▸ YOUR ASSIGNMENT: Could you transcribe exactly the lines below, from the line with "Реле электротепловое серии" through the line with "Базовая модель, выполнена", and nothing else, leaving out the pictures?

▸ EXTRACTED DATA:
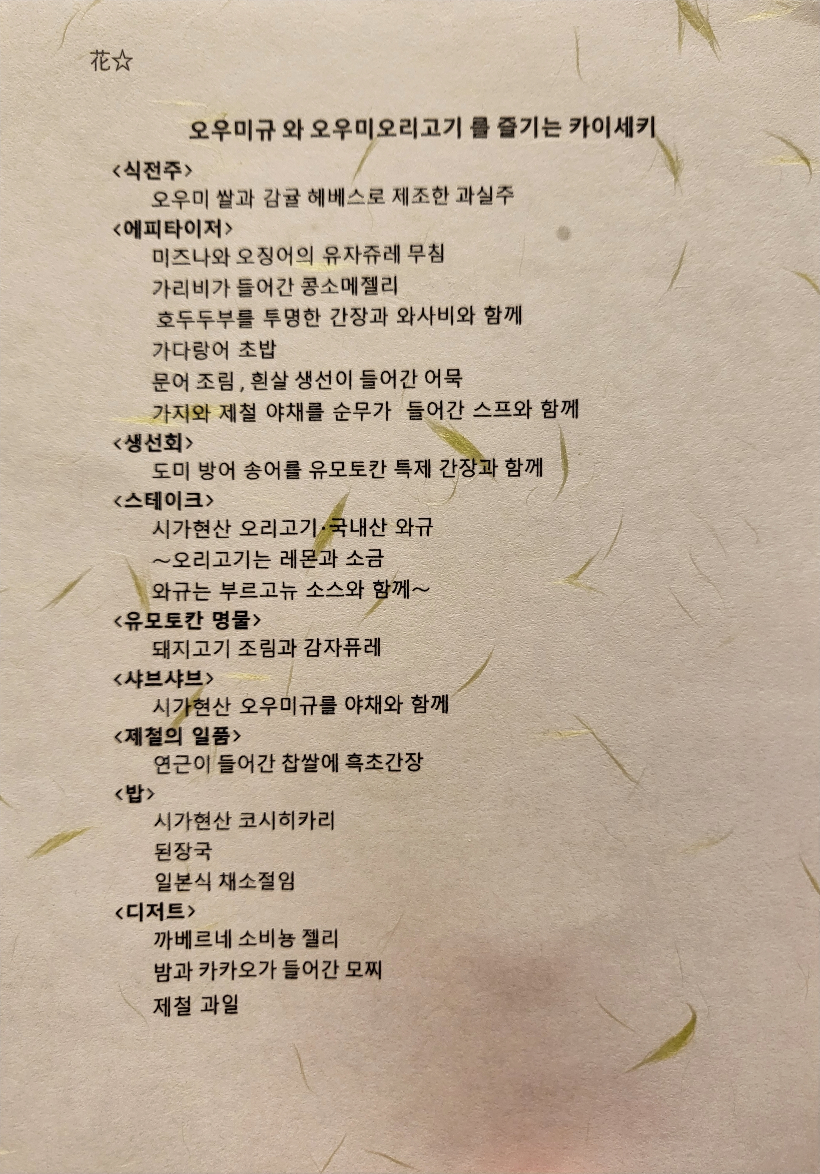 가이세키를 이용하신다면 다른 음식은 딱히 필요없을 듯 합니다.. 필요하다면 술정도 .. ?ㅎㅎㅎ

--

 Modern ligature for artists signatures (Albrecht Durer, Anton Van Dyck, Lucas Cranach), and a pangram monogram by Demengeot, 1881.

---

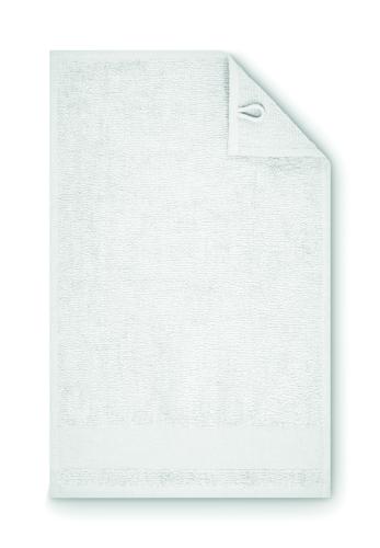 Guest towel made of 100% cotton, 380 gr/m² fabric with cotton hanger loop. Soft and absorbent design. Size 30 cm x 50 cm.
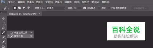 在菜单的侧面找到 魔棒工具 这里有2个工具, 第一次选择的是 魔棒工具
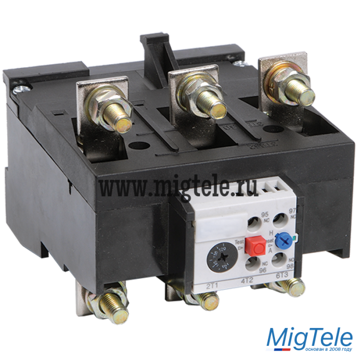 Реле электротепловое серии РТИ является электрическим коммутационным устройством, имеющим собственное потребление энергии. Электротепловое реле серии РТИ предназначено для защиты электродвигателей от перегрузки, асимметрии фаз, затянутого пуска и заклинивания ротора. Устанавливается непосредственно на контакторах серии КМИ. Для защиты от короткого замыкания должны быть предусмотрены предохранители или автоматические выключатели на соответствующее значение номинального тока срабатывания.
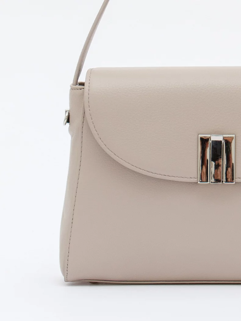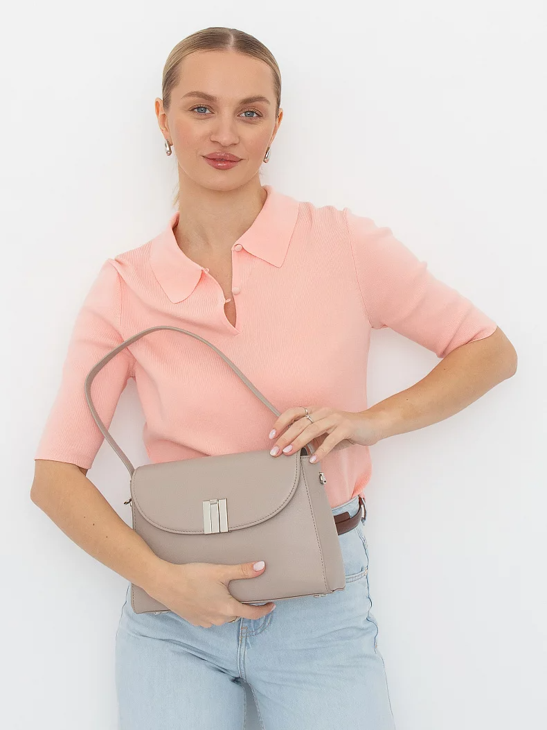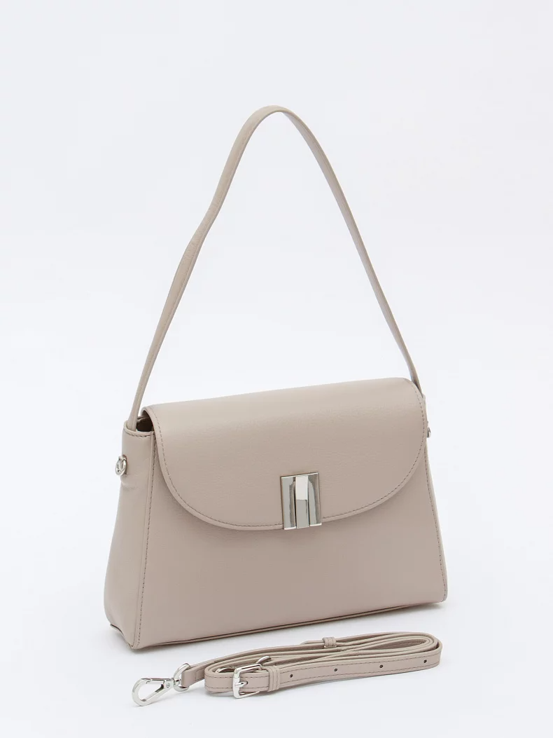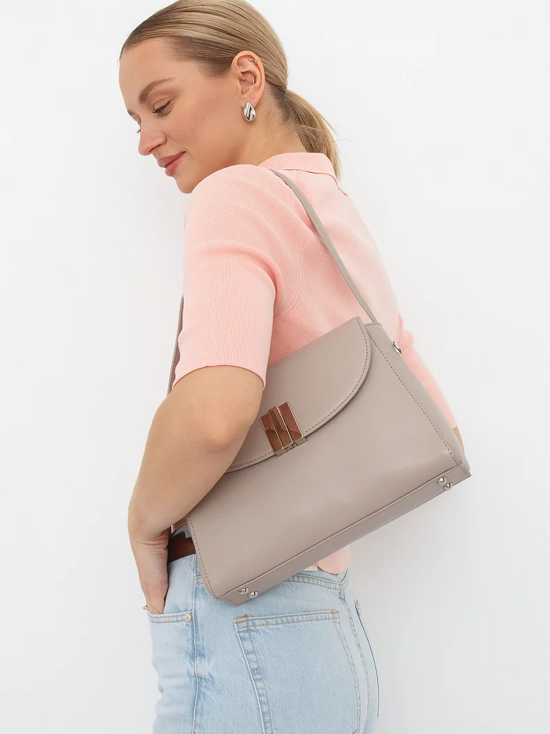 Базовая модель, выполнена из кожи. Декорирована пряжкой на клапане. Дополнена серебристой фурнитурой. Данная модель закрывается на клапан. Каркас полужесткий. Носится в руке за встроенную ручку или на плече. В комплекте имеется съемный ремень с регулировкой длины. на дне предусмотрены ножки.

▸ EXERCISE SOLUTION:
 Реле электротепловое серии РТИ является электрическим коммутационным устройством, имеющим собственное потребление энергии. Электротепловое реле серии РТИ предназначено для защиты электродвигателей от перегрузки, асимметрии фаз, затянутого пуска и заклинивания ротора. Устанавливается непосредственно на контакторах серии КМИ. Для защиты от короткого замыкания должны быть предусмотрены предохранители или автоматические выключатели на соответствующее значение номинального тока срабатывания.
 Базовая модель, выполнена из кожи. Декорирована пряжкой на клапане. Дополнена серебристой фурнитурой. Данная модель закрывается на клапан. Каркас полужесткий. Носится в руке за встроенную ручку или на плече. В комплекте имеется съемный ремень с регулировкой длины. на дне предусмотрены ножки.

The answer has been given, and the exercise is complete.